Published online Feb 26, 2021. doi: 10.12998/wjcc.v9.i6.1469
Peer-review started: November 9, 2020
First decision: December 3, 2020
Revised: December 15, 2020
Accepted: January 6, 2021
Article in press: January 6, 2021
Published online: February 26, 2021
Brain metastasis from intrahepatic cholangiocarcinoma is rare. To the best of our knowledge, only a few cases have been reported. The biological behavior was complex, and treatment requires further investigation.

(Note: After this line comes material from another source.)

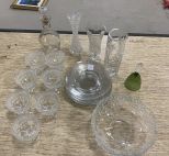 688 Group of Assorted Glassware Includes 7 Sundae Cups, 3 Flower Vases, Fruit Bowl, 8 Plates, Bell, and Decanter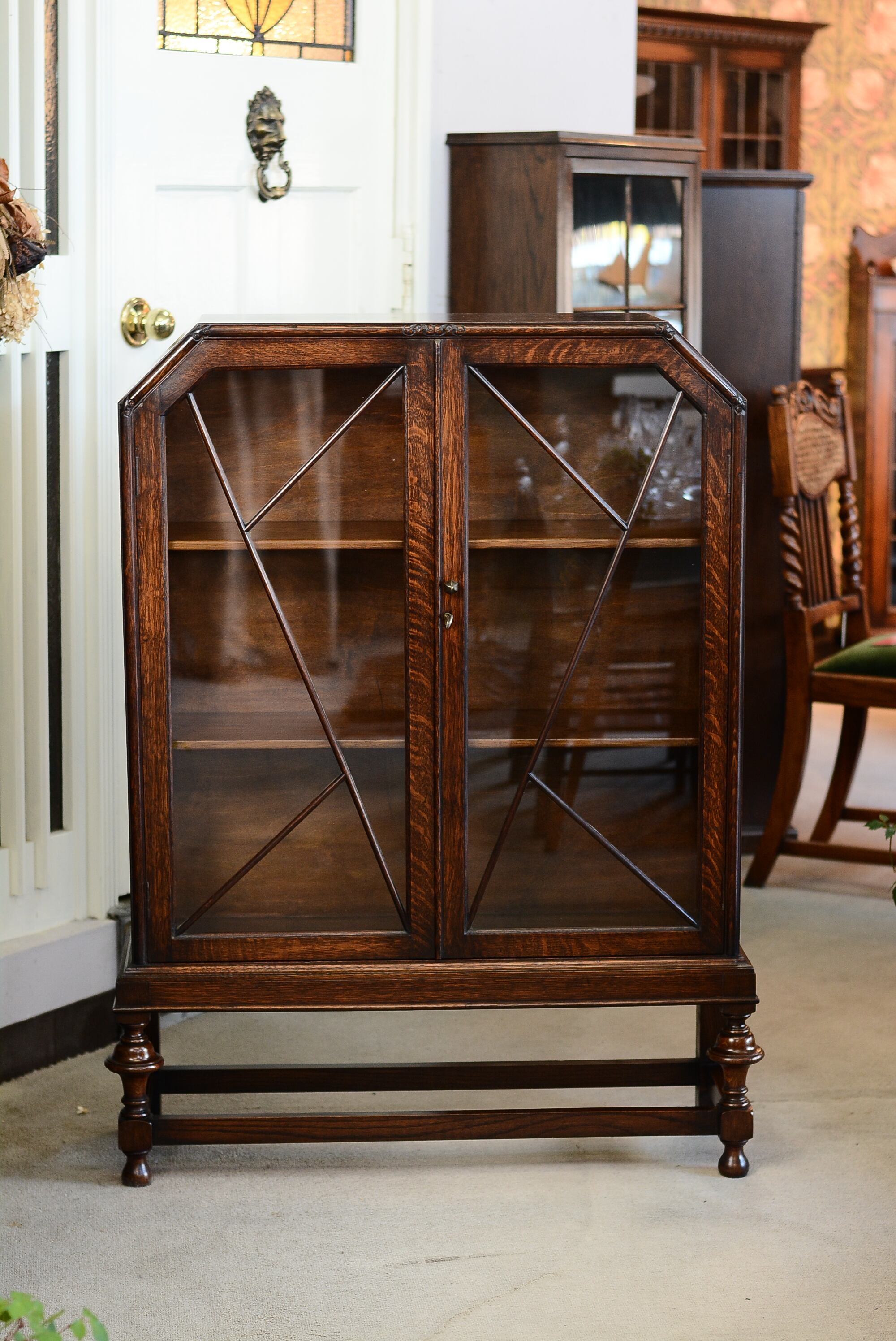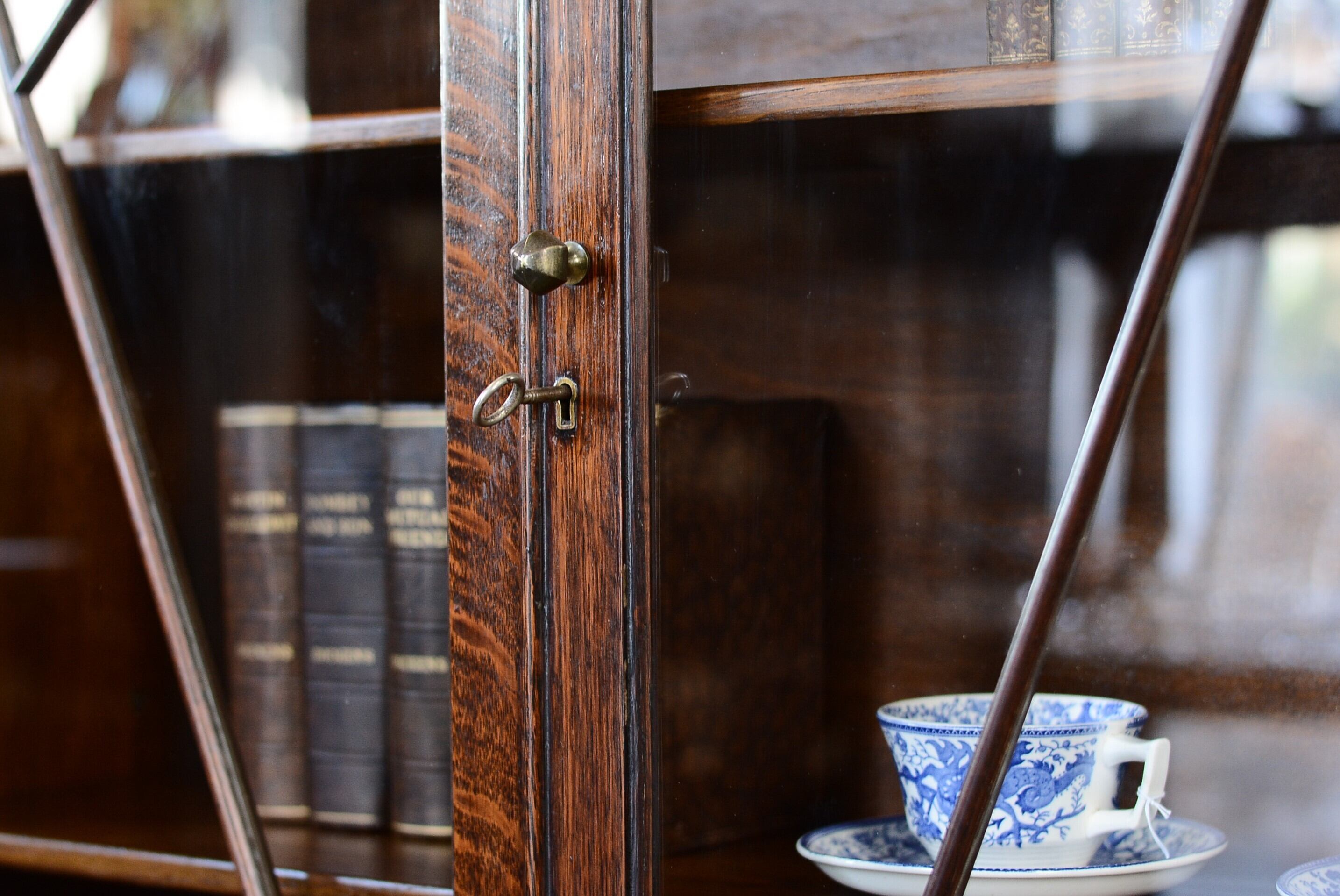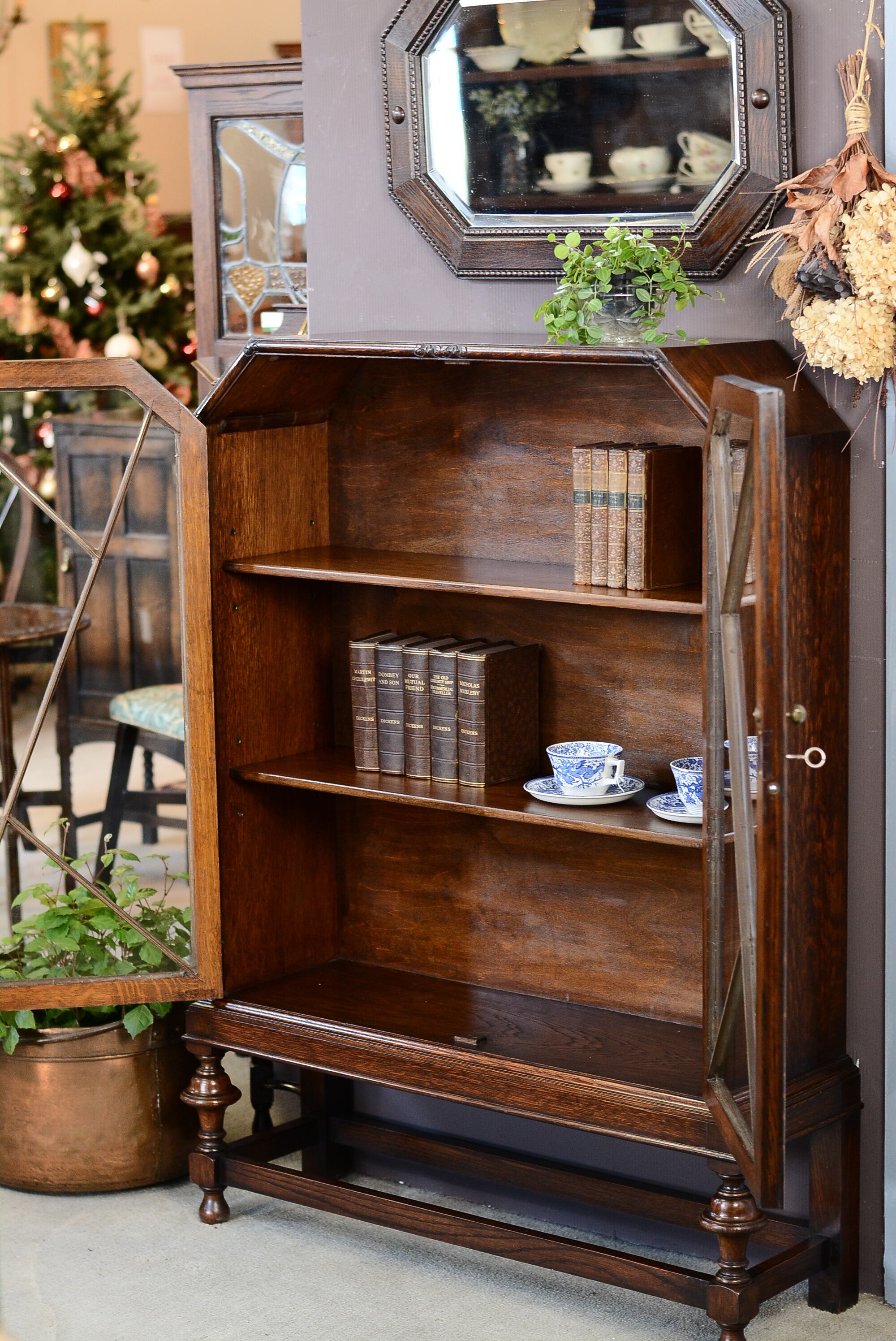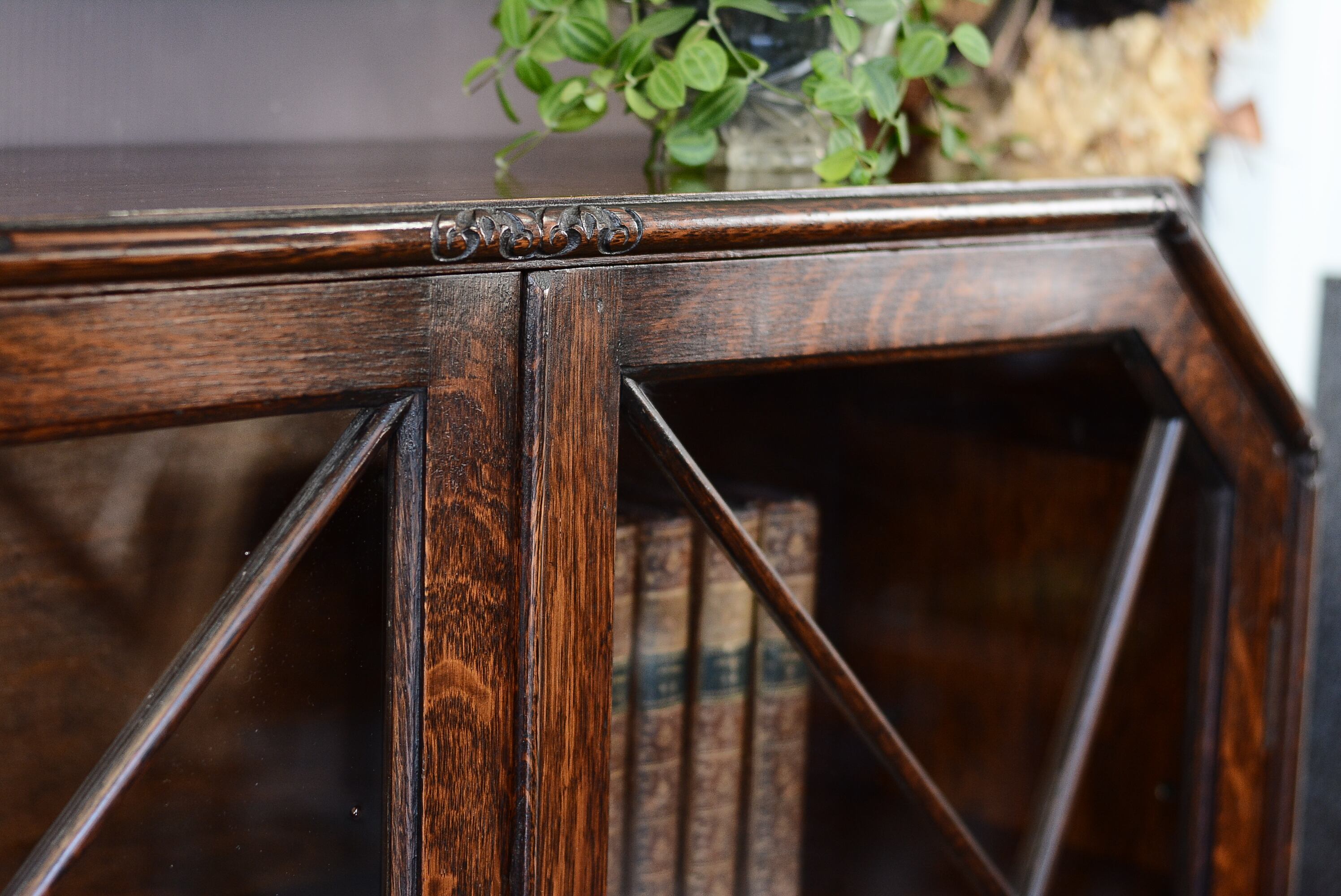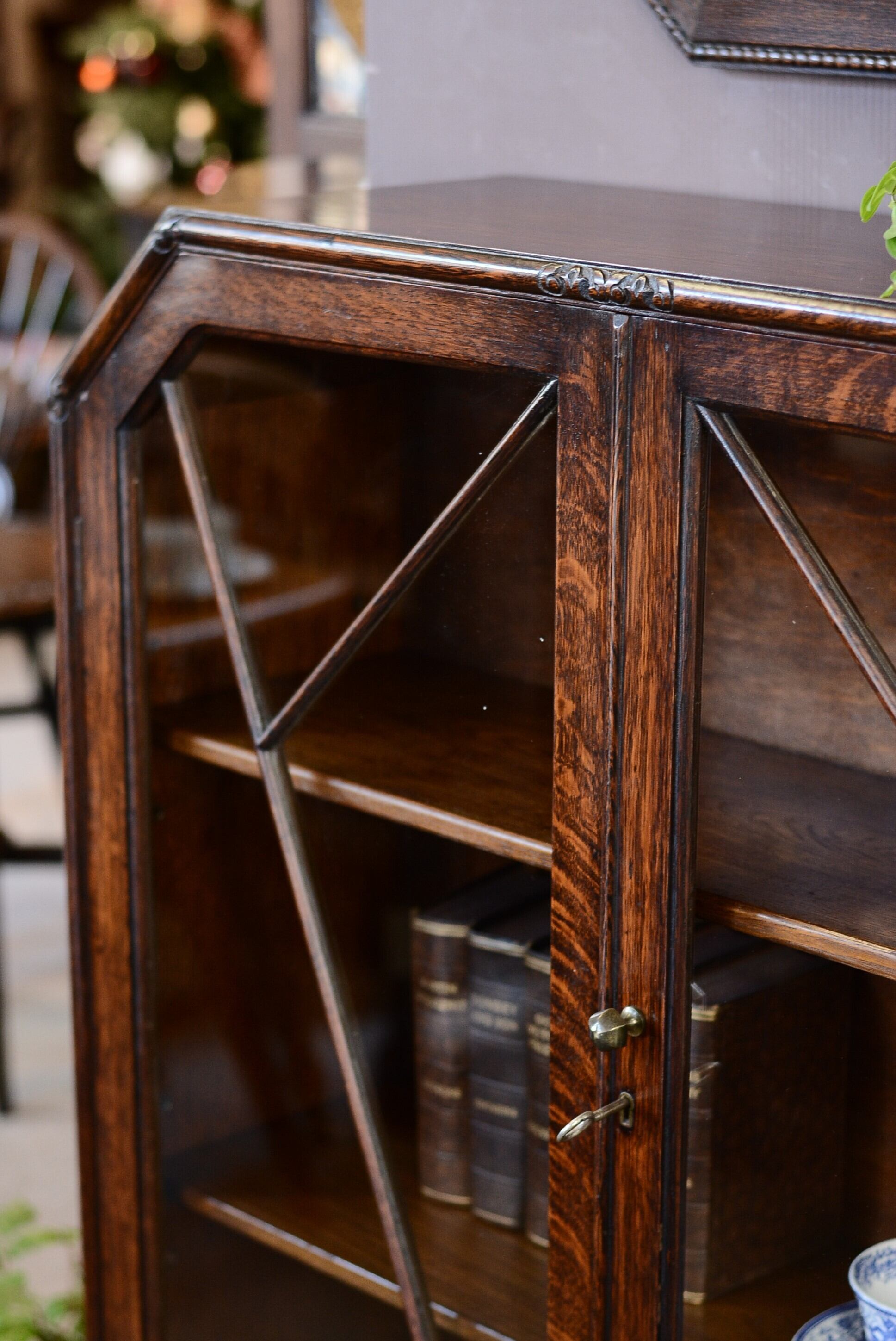 241a873《ブックケース》アンティークブックケース シンプルなデザイン キャビネットにも 小さな彫刻がアクセントの本棚

A 62-year-old woman complained of left limb weakness. Abdominal computed tomography showed a 5.0 cm × 5.6 cm lesion in the left lobe of the liver. Tumor markers were normal. Serological analysis indicated absence of hepatitis virus. Brain magnetic resonance imaging revealed a 1.0 cm × 1.3 cm mass in the right frontal lobe. Intrahepatic cholangiocarcinoma with brain metastasis was diagnosed by our liver cancer multidisciplinary team. After sufficient preparation, the patient underwent partial frontal lobotomy and left hemihepatectomy. Histopathological results confirmed that both the lesions were cholangiocarcinoma. Six cycles of gemcitabine combined with S1 were administered. During a 39 mo postoperative follow-up, no sign of local recurrence or distant metastasis was observed.
This case expands our knowledge concerning the complex and heterogeneous nature of tumor metastasis.
Core Tip: Intrahepatic cholangiocarcinoma is the second most common type of primary liver cancer, but metastasis to the brain is rare. Because of the low prevalence, the treatment and biological behavior are still unclear and require further study. In this work, we report a 62-year-old patient with intrahepatic cholangiocarcinoma with brain metastasis. Operation-based comprehensive treatment was recommended by our liver cancer multidisciplinary group. There was no local recurrence or distant metastasis after 39 mo of postoperative follow-up. We propose that each cancer patient should be treated regardless of disease stage, and a multidisciplinary team is important.